- [Exercise directions]:
Please print exactly the lines from the line containing "Premade Stand Pouch" through the end of the data, no more, and keep pictures out of the copy.

- [Provided data]:

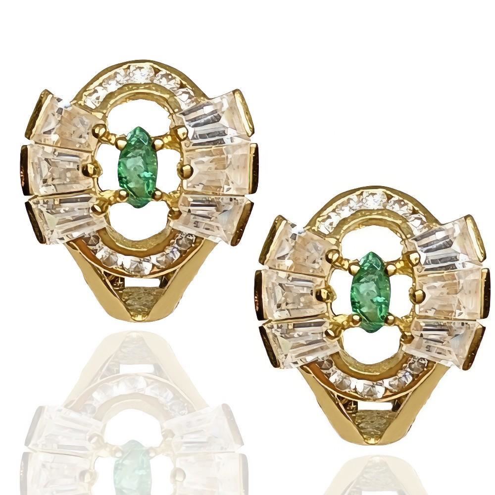 Pendientes Oro Amarillo de 18 quilates de Esmeralda y circonitas, 16mm y cierre omega.
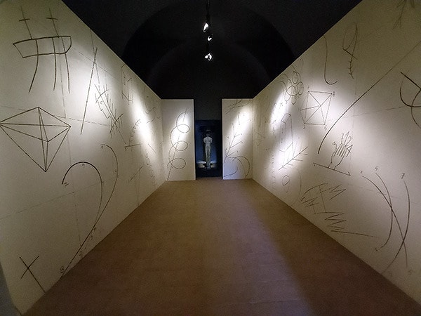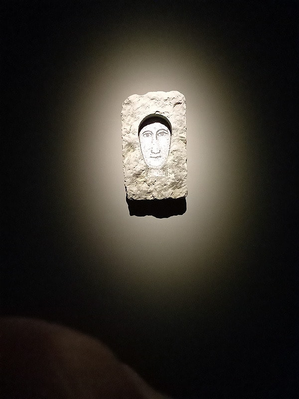 Буквально в самую последнюю секунду меня ждал маленький подарок от духа: я заметил приоткрытую дверцу в глухом каменном фундаменте дворца. Сюда никто не заходил, но азарт исследователя заставил меня заглянуть внутрь. Так я попал в очень необычную инсталляцию, которой были посвящены три комнаты. В первой в стену вмонтирован маленький каменный лик.
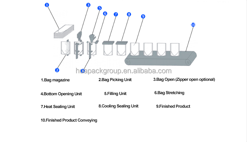Premade Stand Pouch Automatique Doypack Machine Bec Poche À Fermeture Éclair pour Sauce Remplissage Alimentaire Scellage Feuille De Plastique Industrie Du Vêtement
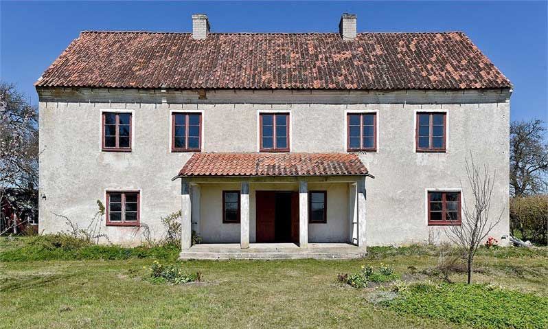 Den typiskt gotländskt kalkputsade fasaden är krackelerad och flammig på sina ställen men det hindrar inte potentialen att lysa starkt kring denna gård.

- [Answer to this task]:
Premade Stand Pouch Automatique Doypack Machine Bec Poche À Fermeture Éclair pour Sauce Remplissage Alimentaire Scellage Feuille De Plastique Industrie Du Vêtement
 Den typiskt gotländskt kalkputsade fasaden är krackelerad och flammig på sina ställen men det hindrar inte potentialen att lysa starkt kring denna gård.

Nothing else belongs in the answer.